In The Age of Elizabeth in the Age of Johnson, Jack Lynch explores eighteenth-century British conceptions of the Renaissance, and the historical, intellectual, and cultural uses to which the past was put during the period. Scholars, editors, historians, religious thinkers, linguists and literary critics of the period all defined themselves in relation to 'the last age' or 'the age of Elizabeth'. Seventeenth- and eighteenth-century thinkers reworked older historical schemes to suit their own needs, turning to the ages of Petrarch and Poliziano, Erasmus and Scaliger, Shakespeare, Spenser, and Queen Elizabeth to define their culture in contrast to the preceding age. They derived a powerful sense of modernity from the comparison, which proved essential to the constitution of a national character. This interdisciplinary study will be of interest to cultural as well as literary historians of the eighteenth century.

The Age of Subtlety

The Age of Subtlety
Title The Age of Subtlety PDF eBook
Author Javier Patiño Loira
Publisher Rutgers University Press
Total Pages 232
Release 2024-06-14
Genre Literary Criticism
ISBN 1644533464

Download The Age of Subtlety Book in PDF, Epub and Kindle

A craze for intricate metaphors, referred to as conceits, permeated all forms of communication in seventeenth-century Italy and Spain, reshaping reality in highly creative ways. The Age of Subtlety: Nature and Rhetorical Conceits in Early Modern Europe situates itself at the crossroads of rhetoric, poetics, and the history of science, analyzing technical writings on conceits by such scholars as Baltasar Gracián, Matteo Peregrini, and Emanuele Tesauro against the background of debates on telescopic and microscopic vision, the generation of living beings, and the boundaries between the natural and the artificial. It contends that in order to understand conceits, we must locate them within the early modern culture of ingenuity that was also responsible for the engineer’s machines, the juggler’s sleight of hand, the wiles of the statesman, and the discovery of truths about nature.
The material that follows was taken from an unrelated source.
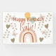 Cette bannière chère sera le point central de votre fête d'anniversaire où qu'elle soit accrochée. Avec de gros caractères indiquant "Joyeux anniversaire (nom)" et de nombreux éléments du thème d'anniversaire comme des papillons, des coeurs, des sprigs de feuilles, des ballons, et bien sûr un joli arc-en-ciel boho. Cette bannière captera les yeux de tous vos invités et donnera le ton du thème. Ramenez tout ensemble avec des plaques de papier, des tasses, des ballons, des panneaux et du papier d'emballage pour faire vraiment ressortir cet anniversaire de boho.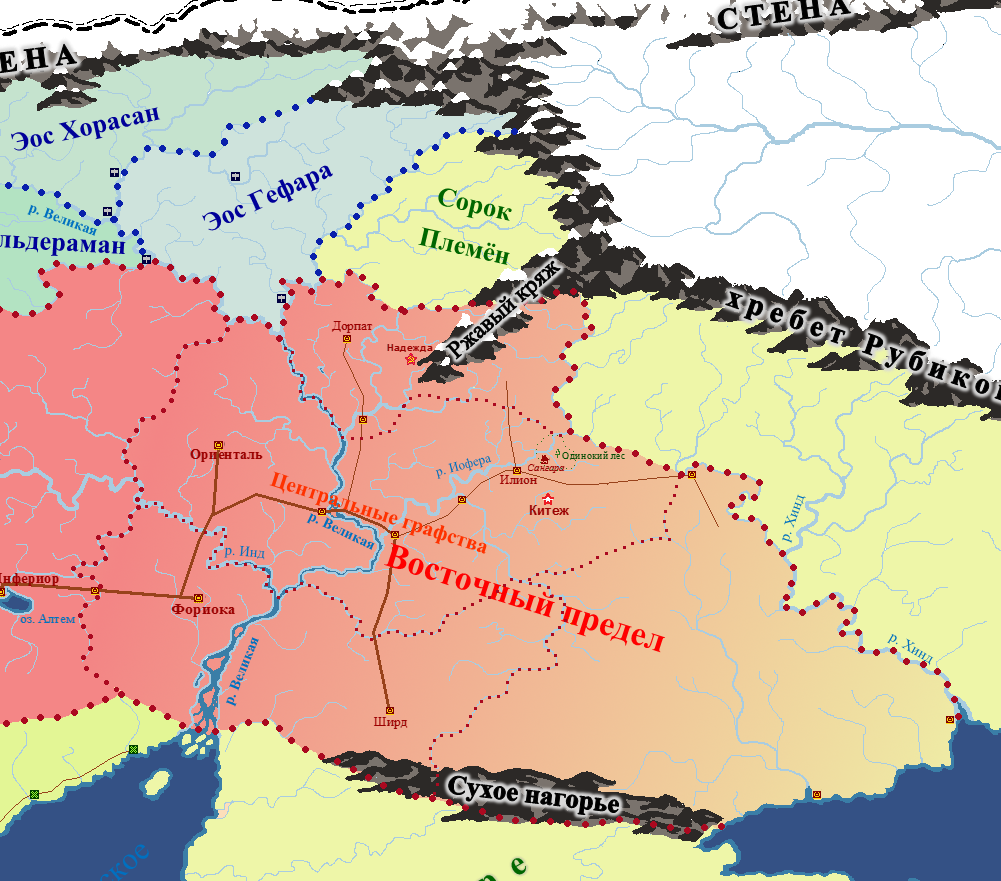 Здоровенный кусман на юго-востоке формально имперский, де-факто - имперцы в эту область карты просто свой флажок воткнули, но ещё толком не осваивали. За Хиндом земли нет на самом деле отнюдь не безжизненные пустоши - необитаемы они исключительно по меркам имперцев, а так там есть и государства, и множество племён, и довольно крупные города.

The Apocalypse in the Early Middle Ages

The Apocalypse in the Early Middle Ages
Title The Apocalypse in the Early Middle Ages PDF eBook
Author James Palmer
Publisher Cambridge University Press
Total Pages 269
Release 2014-11-20
Genre History
ISBN 1107085446

Download The Apocalypse in the Early Middle Ages Book in PDF, Epub and Kindle

This book offers a fascinating exploration of the concept of the apocalypse in early medieval Europe. Calling upon a wealth of archival evidence ranging from the late antiquity to the first millennium, it surveys the role of religious ideas and apocalyptic thought in shaping medieval society in Western Europe.